Saturday, May 22, 2010

My Brother My Friend

Though Dale was six years older than me, we were best friends both as kids and after we were both married. I guess I shouldn't say just friends because he was also my protector. He was the best brother any girl could ask for. I have so many precious memories of him that I really don't know which one to pick, but I guess this time it will be about the bike.

I don't know if I was a tag along or if he just took me with him everywhere, but before I could ride a bike he would put me on the bar of his to ride. One warm summer day that is just what he had done, but he was going really fast and I was hanging on extra hard to the handle bars as we went to turn into our yard. You guessed it! Me hanging on so tight hampered him from making a complete turn and we ended up in the ditch. I was on the bottom, then Dale, and lastly the bike. I remember Dale's first words, "Don't tell Mom!!!" He didn't yell at me, blame me, or just haul his bike out and leave me there to fend for myself. He asked me if I was hurt and then, after looking around to make sure no one was watching, helped me out of the muddy ditch. We were both a mess, but he was worse off than me. We made it into the house and to the bathroom without Mother seeing us. Dale first cleaned the mud off my clothes and bandaged my knees and elbow, and then tried to repair his fat lip and cuts on his face. I get a hoot out of it now as I remember sitting on the toilet watching him try to clean his face up and wondering how we were going to get away with it. Dale was afraid he would really be in trouble for getting me hurt, and I was afraid of getting him in trouble because he had taken me with him. Somehow we got away with it without Mother ever finding out. It never occurred to me to tell on him. You see he was my brother and my friend and you never tell on a friend. Now that experience is just another precious moment in time that I wish I could go back to.


Tuesday, May 11, 2010

What a Teacher!

Raegan gave me this figurine for my last birthday. It represents two friends who love each other very much, and are working together to keep their friendship alive. It means a lot to me because it truly shows the life Raegan and I are living at this point in time. I'm still mother and she is still my daughter, but we are two adults who share a very precious friendship and who also live together.
There are two thing that I have learned about her that will never change. First, she is a complete perfectionist. If she thinks something she has done is not perfect, she will do it over and over again until it is. Second, she is very stubborn. If she is set in a decision, you can't talk her out of it no matter what.

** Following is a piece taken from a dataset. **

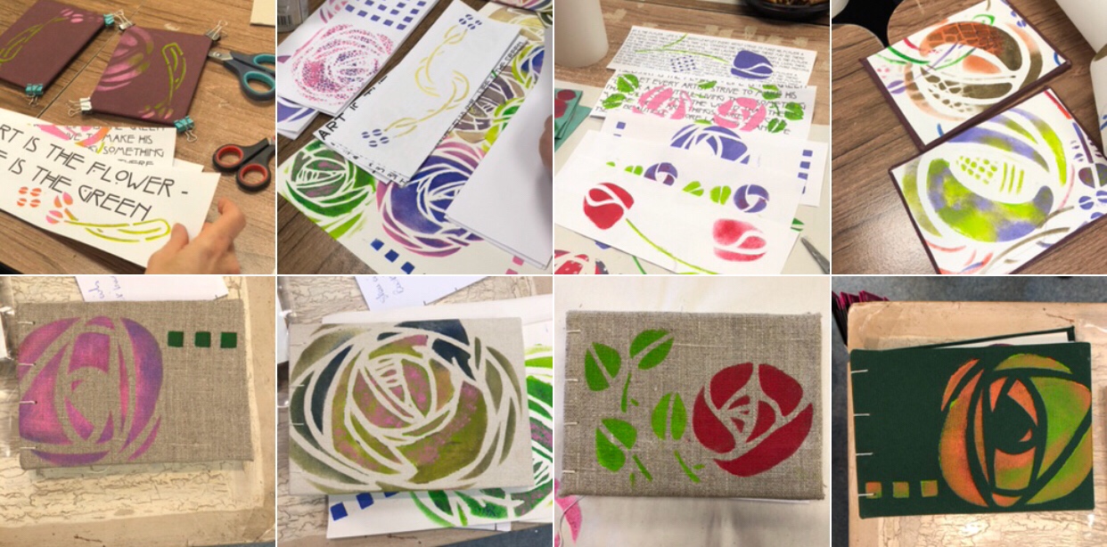 A few days ago I received this very lovely message from Betty .. a participant from my last Stencilling and Bookbinding workshop in Glasgow ! … “Thanks to you and Cass, for such a wonderful inspiring day… To come away with my own stencilled bound book was amazing… ” What best reward can you getContinue reading “When Betty came to my workshop to Stencil Mackintosh !”

There is one more thing about her that I want known. She is the best Speech Language Pathologist anyone could ever hope to find. She never takes a break from preparing for her kids to doing the endless paper work that is involved. My spare bedroom has shelves from floor to ceiling of things she has bought with her own money that will help make her teaching more exciting, as well, as, fun. There are times she will spend endless amounts just to help one child who is struggling.

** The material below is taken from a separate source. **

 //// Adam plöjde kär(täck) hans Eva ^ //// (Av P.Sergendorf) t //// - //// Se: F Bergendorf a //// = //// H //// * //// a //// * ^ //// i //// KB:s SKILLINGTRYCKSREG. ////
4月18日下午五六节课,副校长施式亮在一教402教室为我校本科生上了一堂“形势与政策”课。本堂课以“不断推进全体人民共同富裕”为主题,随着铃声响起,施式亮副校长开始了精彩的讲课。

Why am I telling you all of this? Because today is here birthday, and I feel so blessed to have been chosen to be her mother. We have spent so many precious moments together. Thank you Raegan for being a wonderful daughter and an inspiration to me. You continue to teach me what it means to be a true friend, as well as, a better person.

Monday, May 3, 2010

Spring Time Came After the Trials




I've waited days to think over the surgery because it was hard to find any precious moments. I was in a fog for a week because of the drugs, the pain has been rough, and being without my right hand has been extremely depressing, but the blessing of blogging and writing about what is happening in your life is really trying to find those hidden treasures. In doing so, I have found that spring time has come into my life in just one form. See if you agree.

Sis. Lavendar and her daughter came the second night after the surgery with dinner. She is a Spanish lady who speaks very little English, but the sweet spirit she brought into my home was so very precious that it made it through the fog I was in. Clarissa, her daughter, had made me a beautiful bead necklace. I can remember thinking that language wasn't important if you shared the feeling of love. What a precious moment that was.

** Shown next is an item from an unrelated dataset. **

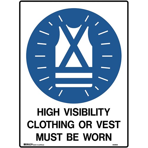 Wording: High Visibility Clothing Or Vest Must Be Worn. Material: Metal. Mandatory signs specify an instruction that must be carried out. Complies with AS 1319. Available in various materials and sizes. Size: 450W x 600mmH.

I have missed being with my primary class and was so happy when Isaac's Mom called and asked if they could come for a visit. He came running in with a bag of homemade cookies and threw his little arms around my lap. I found myself still being a teacher as Isaac played with his little sister and brother. As I sat in my chair watching them while I visited with their Mom, I thought again how easy it is for me to love children. I am thankful for this precious moment in time to remind me of my goal to become as meek and mild as a little child.


Last night I found myself going into depression. I hate that dark, ugly feeling. Without saying a word, I felt like every day was the same with nothing new or exciting happening. Being homebound is not good for someone without a testimony, and I knew that wasn't me. . .BUT what was I going to do about it. In the middle of the night I woke up with the feeling that I was all alone, and that no one really cared. Satan was with me giving me these feelings and I knew that. I started praying (it was more like talking) to my Heavenly Father. Times like this can surely be called "preciours moments" as I called out for his loving care and felt that peace flow over me and heard his Holy Spirit say "and peace I give unto thee."

I've looked back on what I have written and I realize that the one word that sticks out with precious moments is love. Do you agree?